África, não!

África, não!

Namíbia, fica no sul da África e foi um território colonizado por alemães e uma das opções para a deportação dos brasileiros de “melanina acentuada” num futuro próximo. Esta iniciativa do governo brasileiro foi nesta ficção, uma medida tomada depois que um advogado exigiu a indenização de R$ 900 bilhões de reais pelos quase 400 anos de trabalhos forçados.

Para os agentes do governo identificar quem possui “melanina acentuada” não foi um problema, esta questão aparece na peça como na vida real como um problema para quem não construiu uma identidade afirmativa, apesar das marcas da origem africana. Mas estas marcas nunca serão suficientes como ouvi na saída, uma mulher jovem dizendo que ela não era “apenas afrodescendente”, mas também tinha outras misturas. No tempo da peça seu dilema já estaria resolvido.

Muitos talvez não queiram ir para a Namíbia, já que lá, se fala o alemão. Quem sabe Angola ou Moçambique entre os países africanos de língua portuguesa? Ou simplesmente a África? Não, já nascemos aqui e mais do que isso, trabalhamos aqui, temos nossos parentes, amizade, construímos juntos parte da riqueza da qual poucos se beneficiam.
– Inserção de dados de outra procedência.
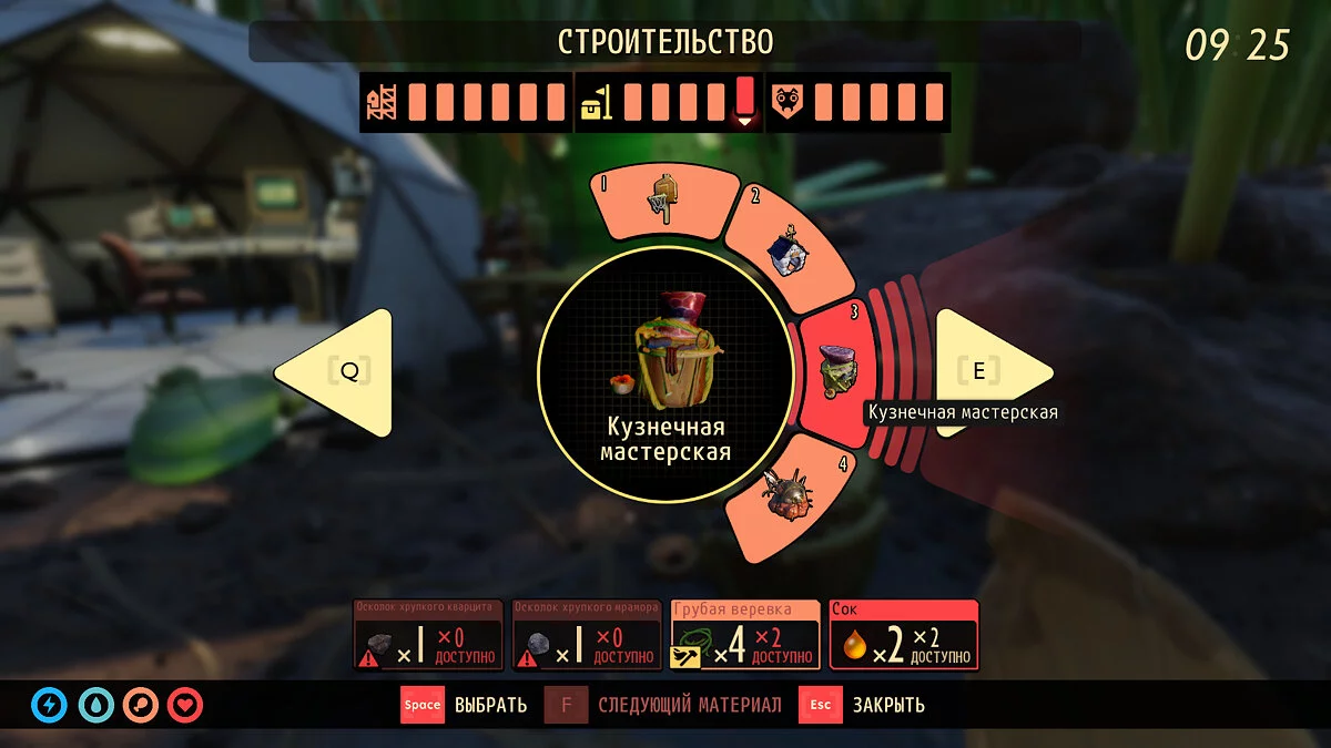 Для крафта кузнечной мастерской понадобится по одному осколку хрупкого кварцита и мрамора, четыре грубые веревки и две капли сока.
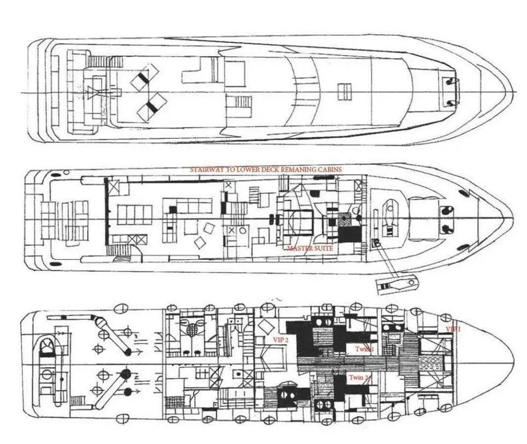 Beyond her interiors, TROPICANA’s outdoor spaces are a beautiful sight to behold. Her expansive sundeck provides an ideal setting for relaxation, sunbathing, and entertainment, complete with a well-appointed bar area. And for those with a penchant for water sports, she offers a plethora of water toys including Seabobs, paddle boards, water-skis, and a range of snorkelling equipment.
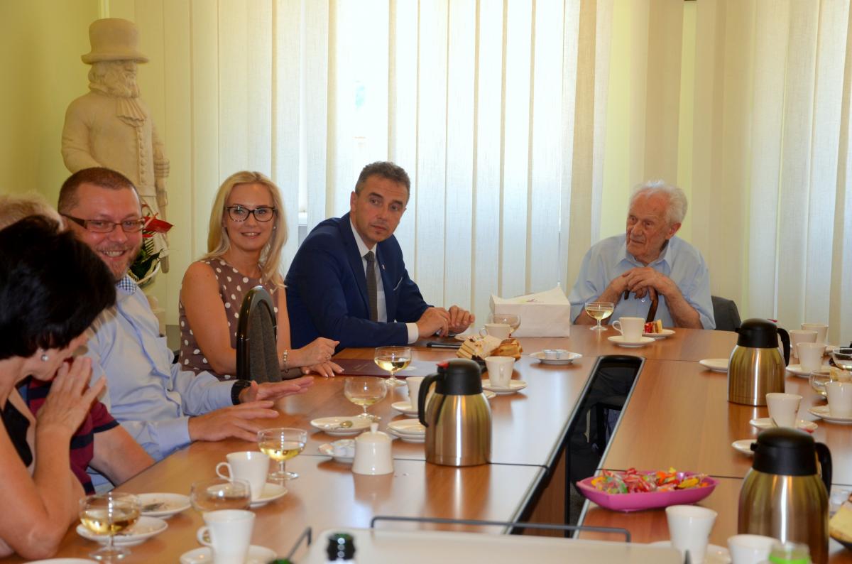 Od rana w sali narad Urzędu Miejskiego w Żmigrodzie unosiła się niezwykła atmosfera, a to wszystko za sprawą Pana Jana Ratajewskiego, jubilata, który w roku 2017 obchodził swoje 100 urodziny. Pan Jan to bardzo miły i wyjątkowy mężczyzna. Z dumą odebrał przesłane życzenia od Premier Rady Ministrów oraz Wojewody Dolnośląskiego. Również burmistrz Robert Lewandowski wręczył Jubilatowi list gratulacyjny, kwiaty oraz upominek. W cudownej, rodzinnej atmosferze wykonaliśmy pamiątkowe fotografie. Szczęście na twarzy Pana Jana oraz radość rodziny… bezcenne.

No texto da peça, nem se fala das delícias do samba entre outras coisas que se devem a nossa criatividade e são parte da nossa resistência que se tornaram símbolos da nação (e de diversão!). O que fica mais em evidência são mesmo algumas conquistas recentes como as cotas raciais como mecanismos compensatórios para os séculos de trabalho escravo. Aí, o questionamento segue firme, aponta sua legitimidade contrapondo a proibição dos negros em frequentarem as escolas destinadas apenas aos filhos de imigrantes, e as cotas de terras para europeus embranquecerem a nação.
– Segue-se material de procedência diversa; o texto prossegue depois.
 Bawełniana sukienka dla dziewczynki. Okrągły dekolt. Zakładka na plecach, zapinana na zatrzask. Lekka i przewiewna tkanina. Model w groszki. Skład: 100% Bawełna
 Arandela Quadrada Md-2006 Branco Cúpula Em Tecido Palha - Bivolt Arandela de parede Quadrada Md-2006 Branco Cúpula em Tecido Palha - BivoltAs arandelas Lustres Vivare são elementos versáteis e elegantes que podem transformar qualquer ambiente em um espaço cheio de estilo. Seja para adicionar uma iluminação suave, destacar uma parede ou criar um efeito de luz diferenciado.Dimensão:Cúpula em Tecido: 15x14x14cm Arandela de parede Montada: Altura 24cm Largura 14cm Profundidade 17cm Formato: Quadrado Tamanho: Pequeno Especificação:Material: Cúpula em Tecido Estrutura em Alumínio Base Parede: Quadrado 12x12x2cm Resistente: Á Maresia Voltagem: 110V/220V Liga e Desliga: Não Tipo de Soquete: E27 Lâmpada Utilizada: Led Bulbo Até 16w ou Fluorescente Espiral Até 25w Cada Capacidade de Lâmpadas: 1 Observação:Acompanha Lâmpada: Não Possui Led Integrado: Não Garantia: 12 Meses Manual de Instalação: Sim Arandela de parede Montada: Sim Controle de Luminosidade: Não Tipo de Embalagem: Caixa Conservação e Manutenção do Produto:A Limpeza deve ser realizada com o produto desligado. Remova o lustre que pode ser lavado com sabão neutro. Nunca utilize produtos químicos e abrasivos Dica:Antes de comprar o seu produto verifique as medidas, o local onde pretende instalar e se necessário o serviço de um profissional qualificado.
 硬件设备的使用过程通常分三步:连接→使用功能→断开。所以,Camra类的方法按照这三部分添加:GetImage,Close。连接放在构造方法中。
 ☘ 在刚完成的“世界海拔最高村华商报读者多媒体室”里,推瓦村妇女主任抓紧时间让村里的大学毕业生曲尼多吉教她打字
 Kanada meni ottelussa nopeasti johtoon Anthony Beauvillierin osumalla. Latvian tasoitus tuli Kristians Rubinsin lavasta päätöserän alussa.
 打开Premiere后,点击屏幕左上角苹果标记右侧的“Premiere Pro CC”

Mas e a África, ir ou voltar? Abrir mão de tudo o que se construiu aqui?

“Eu não conheço ninguém lá!”, “Eu sou parda!” “Eu não sou africano!” algumas vozes, alguns pensamentos sempre podem interferir na hora dessa decisão, mesmo diante da medida do governo.

Poderíamos também perguntar: e tudo o que construímos depois da escravidão, as perseguições ainda sofridas, o mau atendimento médico, a invisibilidade, a chacota racista, as perseguições, etc,etc. continuamos culpados, criminalizados pelo “defeito de cor”?

A peça, o texto, é um convite à reflexão, assim ela é finalizada pelos atores em agradecimento ao público. Nem tanto drama, nem tanto comédia, mas a peça transcorre leve e reflexiva com dois excelentes atores negros Aldri Anunciação também autor do texto e Flávio Bauraqui dirigidos por Lázaro Ramos.

Em alerta, Lázaro observa no folheto da peça para o perigo da ‘história única’ feito pela escritora nigeriana Adichie. Certamente, ele quer dizer da chamada história oficial que se insin(u)a ainda nas escolas e na mídia, apesar da lei do ensino afroindígena em respeito à diversidade dos povos que constroem o Brasil.

Por fim, o apelo é para que não nos deixemos enganar pelo diversionismo do retorno à África, ainda que não devamos deixar de reclamar por todos os direitos subtraídos e negados pelos quase quatro séculos de trabalho forçado que ajudaram a construir este nosso país. Aqui é a nossa África (“a África mora em nós!”) para horror dos que sonham em transformar este país numa Europa tropicalizada. Ou para alguns do outro lado da fronteira social que teimam em sonhar o sonho impossível!